Back in the day I must of swam in, perceptually, every opening that had water in Georgetown. I learned to swim in what they called "Milky Way", a series of pools with brown muddy water located in between the tracks of Durban Park Race Course. The water was always thick and gooey, but we did not mind then. The thoughts of catching a disease never entered our minds. We often went as a family to the "punt trench" pool on Sundays. It could be found back then up cemetery road going towards Ruimveldt, where there was a high wooden bridge spanning the water way. Punts laden with cane pulled by mules or oxen still traversed that waterway back then.
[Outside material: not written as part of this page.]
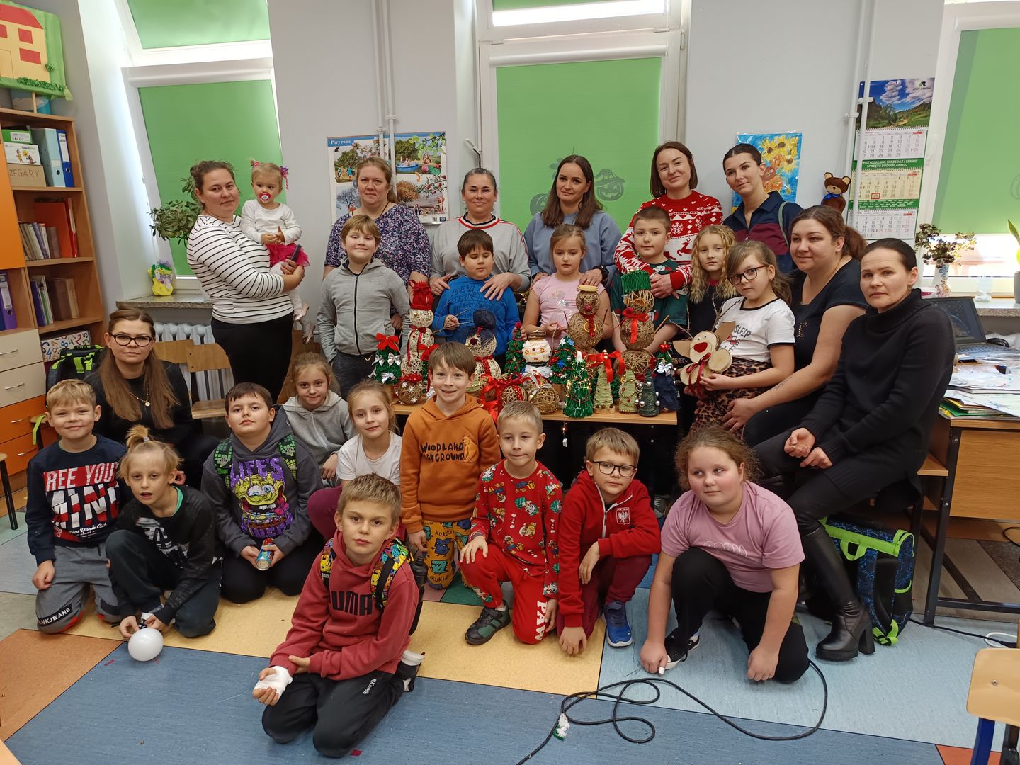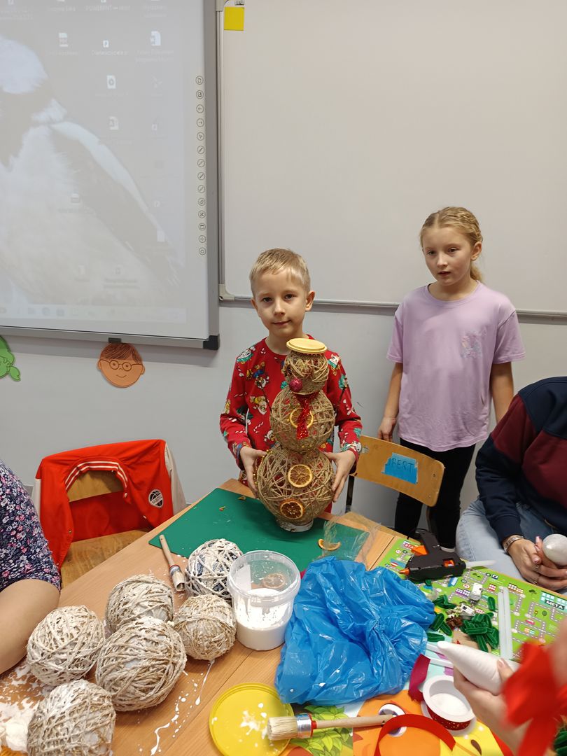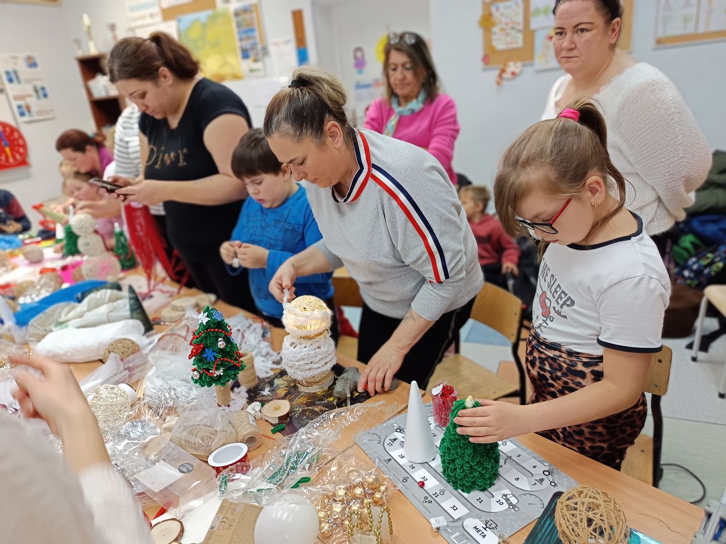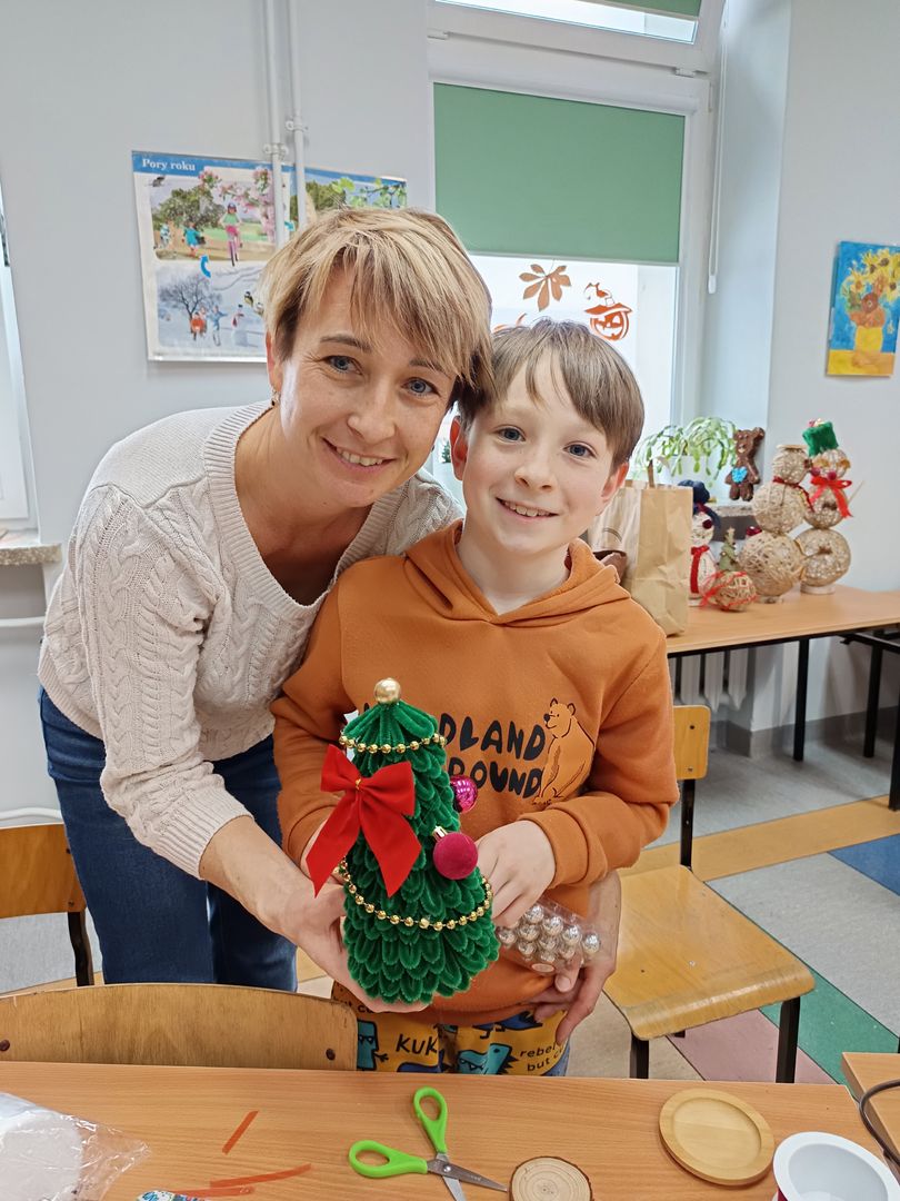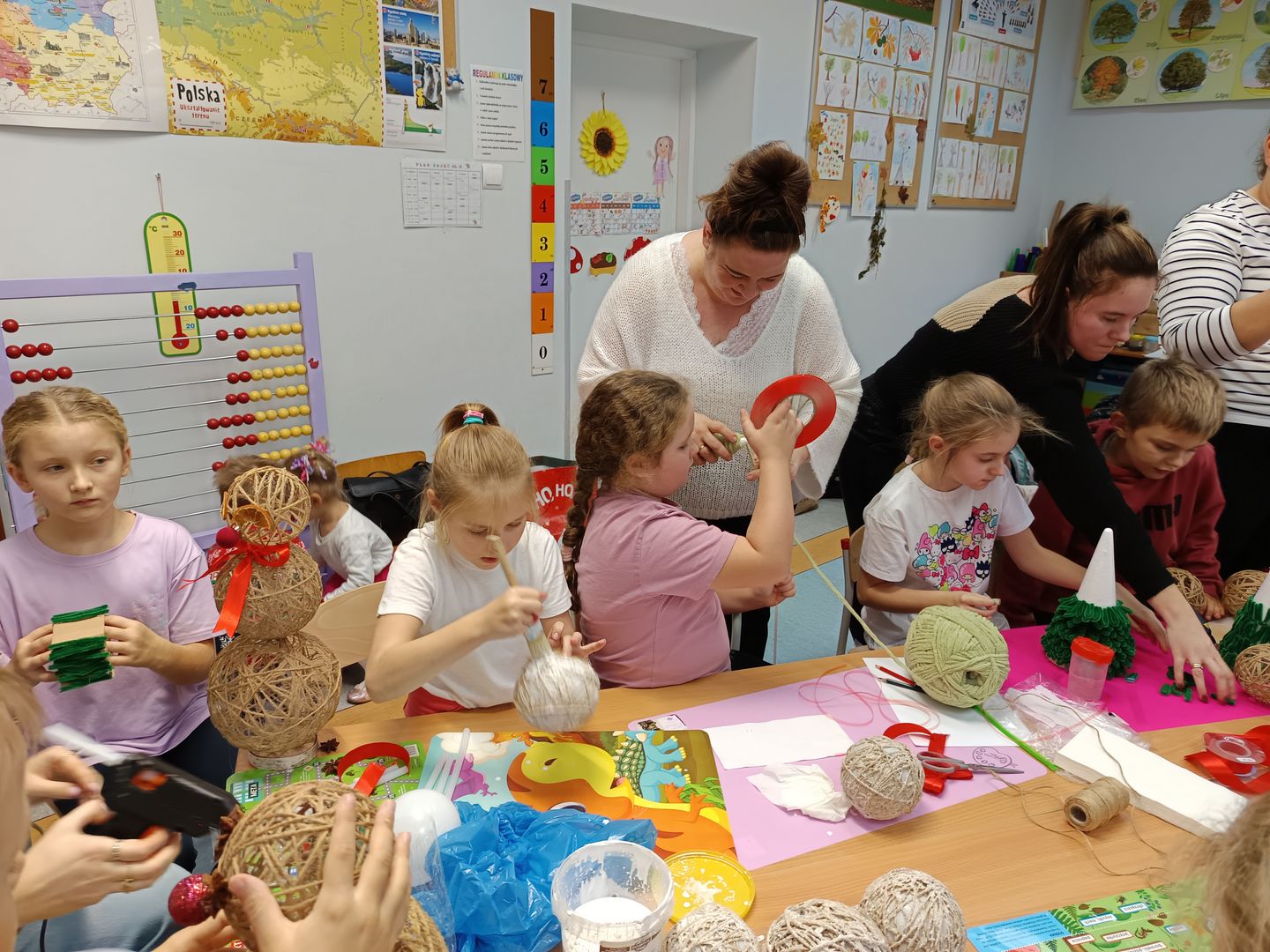 Na spotkanie przybyły mamy ponad połowy uczniów, które wspólnie z dziećmi tworzyły piękne i pomysłowe ozdoby bożonarodzeniowe. Atmosfera była naprawdę wspaniała – dzieci i mamy zaangażowane w pracę, a kreatywność nie miała granic.
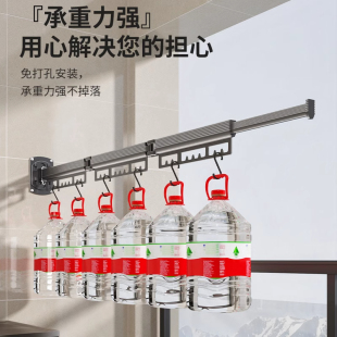 四季 沐歌阳台折叠晾衣架免打孔家用壁挂隐形收缩凉衣杆子伸缩神器

That area was like a beach on Sundays, with numerous families coming out with picnic baskets to spend the day and swim in the brown but clear water that ran freely with the fluctuation of the tides. And of course it was the norm for us to steal away on Sundays and swim across the Lamaha canal to pilfer cane from the cane fields. I remember that there was a Warden they called black diamond who was rumored to carry a shotgun with shells of paddy and corn. How true this was I cannot attest to, but suffice to admit that the shout of "black diamond" was all it took to send the lot of us scrambling through the cane fields and diving into and swimming across "black water" with abject fear pulsating through our little hearts.
It would require many volumes to recount the memories we all have of long time passing. To many, they might amount to boring repetitions of the kinds of things they listen to day in and day out from older folks, or inconsequential ramblings and anecdotes that offer very little in terms of interest or entertainment. Still, the experiences and nurturing of our adolescent development probably does more than anything else to shape the adult we later morph into. I try to imagine sometimes what kinds of memories or reminiscences the kids of today in Guyana will have, when they are approaching their dotage like many of us will soon be doing. I read somewhere that the "most trying ordeals we undergo in life are sometimes coercive in pushing us to discovery of that which is best in us". So maybe they will be better than we in and of Guyana are, in terms of letting the future of our kids and grand kids become the major concern and struggle of our present. That is what our foreparents did. And if that happens, if the kids of today are better than we are in such process, then the Guyana that exist at that moment in time when they sit down and reflect on their past, will be lot more inspiring to them then, than it is now to many of us. Selah.